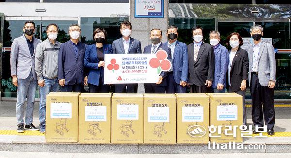 국제로타리3662지구 남제주로타리클럽(회장 김창수)은 지난 25일 서귀포시청을 방문해 지역 내 거동이 불편한 어르신을 위해 써달라며 제주사회복지공동모금회를 통해 어르신 보행보조기 22대(202만원 상당)를 기탁했다.
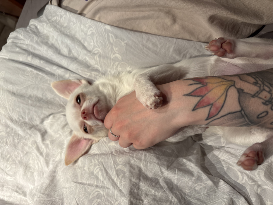 - "An overhead shot shows a light-colored chihuahua lying on its back in a person's arm" by FM-08PzB2, licensed under CC BY 4.0
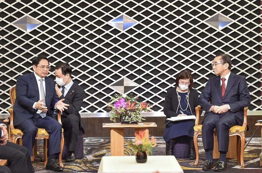 Ngày 25-11, trong chuyến thăm tại Nhật Bản, Thủ tướng Phạm Minh Chính đã tiếp ông Nobuhiko Sasaki, Chủ tịch Tổ chức Xúc tiến thương mại Nhật Bản (JETRO) và lãnh đạo nhiều tập đoàn, doanh nghiệp, ngân hàng lớn của Nhật.
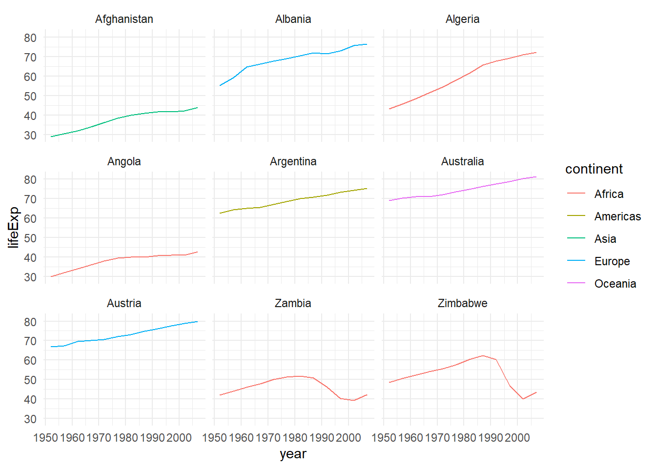 ggplot (aes (x = year, y = lifeExp, colour = continent)) +

BRIEF = Copy only what runs above from the line containing "under CC BY 4.0" through the line containing "Ngày 25-11, trong", exactly. Leave out the pictures.

WORKED SOLUTION =
 - "An overhead shot shows a light-colored chihuahua lying on its back in a person's arm" by FM-08PzB2, licensed under CC BY 4.0
 Ngày 25-11, trong chuyến thăm tại Nhật Bản, Thủ tướng Phạm Minh Chính đã tiếp ông Nobuhiko Sasaki, Chủ tịch Tổ chức Xúc tiến thương mại Nhật Bản (JETRO) và lãnh đạo nhiều tập đoàn, doanh nghiệp, ngân hàng lớn của Nhật.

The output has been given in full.